What would either Abe or Gracie think if they understood all that was going on in Washington today?
In the next photo, one of my own granddaughters and her friend enjoy candy canes and conversation after performing in a “Nutcracker” put on by their ballet school.
Then we have a book “sculpture” put together to measure donations to the library fund for its ambitious addition. The pile of books increases as the donations increase. I took a close-up of a giant replica of a local author’s bestseller.
Two snow pictures are next, followed by one of a squirrel I saw yesterday posing on a lion sculpture.
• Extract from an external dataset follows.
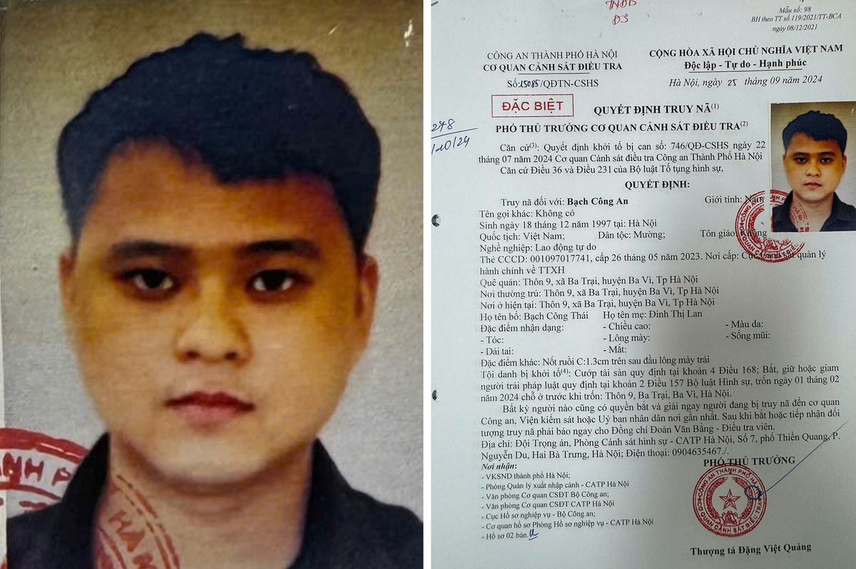 Ngày 6/11, Cơ quan cảnh sát điều tra Công an TP Hà Nội ra quyết định truy nã đặc biệt đối với Bạch Công An (SN 1997, trú xã Ba Trại, huyện Ba Vì, Hà Nội) về tội Cướp tài sản và Bắt giữ hoặc giam người trái pháp luật.

The decorated windows are at the Umbrella Arts Center, where I went to see a musical version of Tuck Everlasting before Christmas. The building was once a school. A magnificent makeover was completed just this year and includes a state-of-the-art theater, artist studios, rooms for pottery and classes of all kinds, and a new maker space.
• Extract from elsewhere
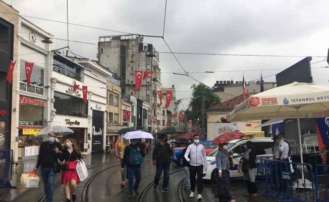 Meteoroloji Genel Müdürlüğü, İstanbul için sağanak yağmur uyarısı yapmıştı. Taksim Meydanı’nda da saat 14.30 sıralarında yağış etkili oldu. Yağış, hafta sonu sokağa çıkma kısıtlamasından muaf olan turistlerin meydanda gezmesine engel olmadı. Bazı vatandaşlar yağmurun dinmesini durakta ya da mekanların önünde beklerken bazı vatandaşlar da şemsiyesiyle meydanda gezmeye devam etti.

Next we move on to New York, where I spent two nights after Christmas. At the top of this post is one of the many delightful Central Park playgrounds with wild animals to climb on. Alice in Wonderland mosaics are in the subway at 50th Street, and giant toy soldiers grace midtown for the holidays.
At the Museum of Modern Art (MoMA), beautifully redesigned, I saw this Horace Pippin painting of Lincoln pardoning a sentry condemned for falling asleep on the job. I had received a text the day before from my daughter-in-law saying that she had just been learning about Pippin from my six-year-old granddaughter, thanks to A Splash of Red, a wonderful children’s book. So I texted the painting to them.
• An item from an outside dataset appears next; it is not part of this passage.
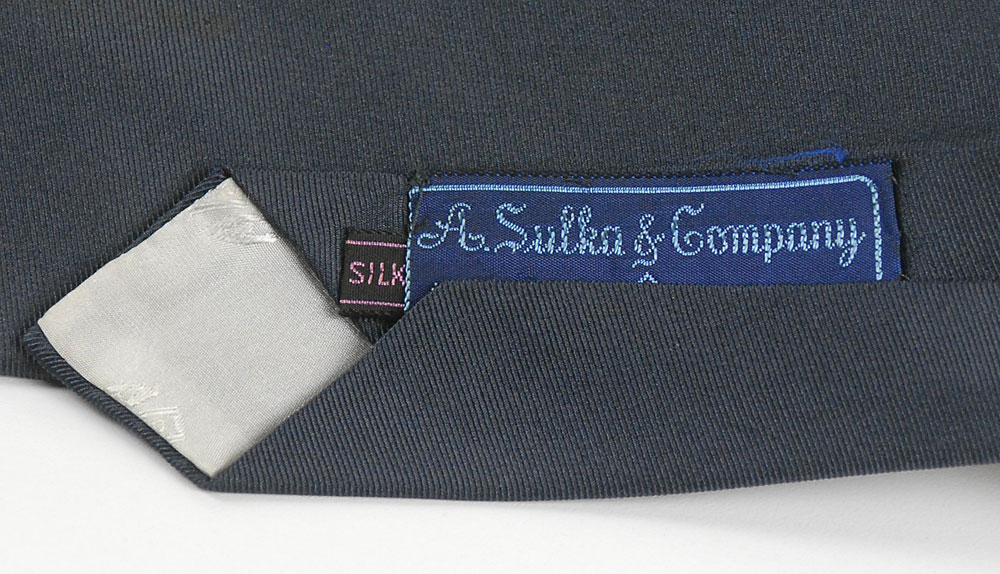President Kennedy’s personally-owned and -worn navy blue silk neck tie with small embroidered gray design accents, made by A. Sulka & Company, measuring 54″ long. Manufacturer’s and material tags are sewn to the underside of the narrow end. In fine condition. Accompanied by a letter of provenance signed by David J. Powers, son of David F. Powers, who was JFK’s close friend and assistant. In part: “Many consider my father to have been President Kennedy’s best friend. They campaigned together from 1946 to 1963, and traveled the world together on presidential visits from 1960 to 1963. During their travels, they frequently needed to switch from casual attire to something more formal. My father and JFK were not the same size, but that mattered little when it came to neckties. This A. Sulka & Company navy silk tie with a gray graphic design was worn by JFK and subsequently ended up with my father, who may have worn it as well, as they did share on occasion. My father carefully separated this tie from others that were his alone and preserved it among his valuable memorabilia and archives.” While any items worn by presidents are incredibly desirable, the status of John and Jacqueline Kennedy as American fashion icons make pieces worn by them even more appealing. Highly sought-after, and with its excellent provenance from the Powers family, this is an extraordinary presidential piece.

There follows one of Edward Hopper’s most famous lonely paintings — this one of a gas station in the middle of nowhere — and Edward Weston‘s “Hot Coffee, Mojave Desert, 1937.” Also from MoMA, a delightful cat by Morris Hirshfield (thanks, Paul, for identifying the artist).
The next day, I visited the Neue Galerie, which I adored. That museum, housed in a beautiful mansion, focuses on early 20th century German and Austrian art and design. I saw Gustav Klimt’s “Adele Bloch-Bauer” in gold and silver, lovely works by Egon Schiele, and a special exhibit of works by the tragic Ernst Ludwig Kirchner.
Unfortunately, they don’t let you take pictures there, so I shot brochures!